Biologists Document Rich Plant Life of Guyana to Aid Conservation

Hillary Mayell
for National Geographic News
May 8, 2001
"It's 18th-century biology in the 21st century," laughed H. David Clarke
as he prepared to leave for a plant collection trip deep in the interior
of Guyana.

Perched on the northern edge of the Brazilian Amazon, Guyana—the "land of many rivers"—is a hothouse of tropical biodiversity. Its interior is one of the last undisturbed rain forest habitats left in the world, harboring an incredibly diverse collection of plants and animals. The area is uninhabited except for scattered Amerindian (indigenous) tribes.

Guyana's natural wealth is threatened, however, by the country's massive debt, the modern-day plague of undeveloped and developing countries. Huge tracts of land are being granted to large-scale multinational corporations allowing them to extract timber, gold, and bauxite from the pristine environment.

"Very little is known about the biological resources in the region, and these decisions on allocations are not being made based on science," said Clarke, an assistant professor of biology at the University of North Carolina in Asheville. He has made numerous trips into the interior with support from the Smithsonian Institution, the National Geographic Society, and others.

"There are a lot of questions we can't really answer about plant distribution and dispersal, how climate change is affecting ecosystems, biogeographic patterns…you can't make conservation decisions without the biological data," Clarke said.

"Here Be Dragons"

Biologists and botanists are working to provide such information to decision-makers. Conducting the science, however, is not for the faint-hearted.

"Here [in North America], we can pretty much walk through the woods and conduct an inventory of the plant life and its distribution," said Clarke. "But in Guyana, the flora just doesn't obey the rules. Things can pop up anywhere.
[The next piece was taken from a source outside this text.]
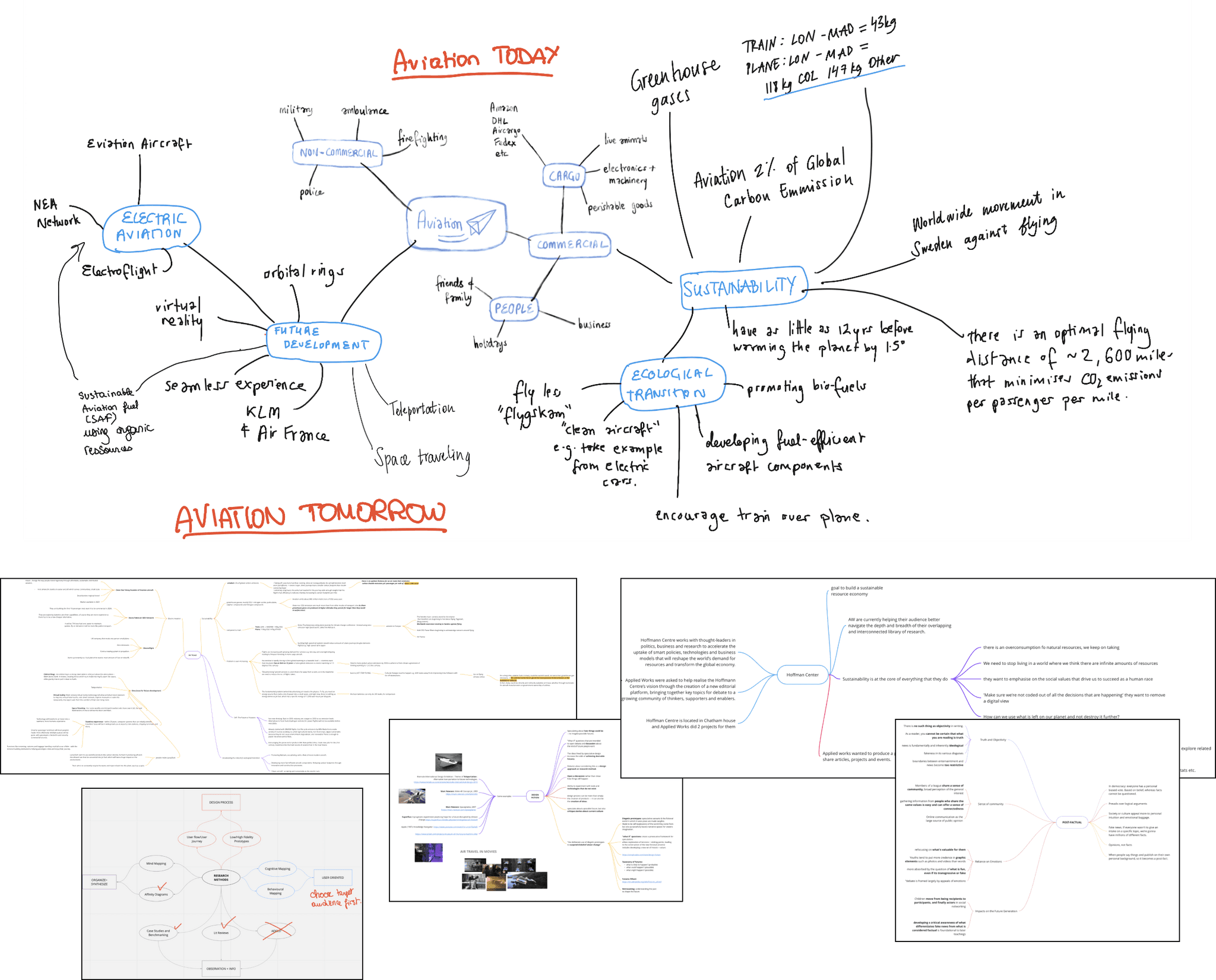 Miro mindmaps on Air Travel, the Hoffmann Centre, Design Fiction, Post-Factual Audiences and Research Methods made by the whole team.
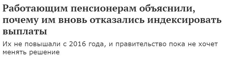 Кабмин уже в четвертый раз отклонил законопроект об индексации пенсий работающим пенсионерам, который в преддверии выборов был внесен в Госдуму партией ЛДПР. Напомню, что пенсии работающим пенсионерам не повышали с 2016 года. Как следует из заголовка новости, есть некое объяснение такого шага. Открываем новость и читаем, что же это за объяснение... Оказывается, авторы законопроекта не указали, из каких источников будет финансироваться такое повышение. То есть, снова, всем нам известное "денег нет...". Источники выплат по 10000 рублей всем пенсионерам страны перед выборами при этом в правительстве нашли без проблем, и безо всяких законопроектов и финансово-экономических обоснований. Просто взяли и выплатили. Ну что ж, раз авторы законопроекта не нашли источников финансирования, то могу им подсказать, тем более, что эти источники буквально лежат на поверхности. В 2020 году профицит Пенсионного фонда РФ составил 575,6 млрд. рублей. Количество работающих пенсионеров в России составляет око

The plants you find in one area could be completely different from what you see just a few miles away.

"There are so many plants that have never been identified, or even seen before, that we have to collect specimens and examine them in the laboratory to get a correct identification," he explained.

Clarke collects plant samples mainly in areas that have never been surveyed—far from the riverbanks, in the mountains, and in seasonally flooded forests. The logistics of such expeditions are not that much different from those of the 18th century, said Clarke.

"Expeditions run on the basis of some very basic commodities. You have to carry everything you're going to need with you," he said. "If you run out of supplies, the expedition is over."

"Everything you need" includes tons of food, fuel, medical supplies, spools of fishing line, machetes for cutting trails through jungle, axe heads, ropes and spikes for climbing cliff faces and trees, kerosene, and equipment for preserving botanical samples. Supplies and equipment are hauled upriver in dugout canoes and carried into the forest.

Moving through uncharted territory is a major challenge. Waterways become narrower and shallower, blocked by fallen trees, logjams, and sandbars.

Travel on land can be even more complicated. "There are no trails, of course," said Clarke. "Moving around is a matter of hacking your way with a machete and stumbling, climbing, or sliding over whatever obstacles present themselves.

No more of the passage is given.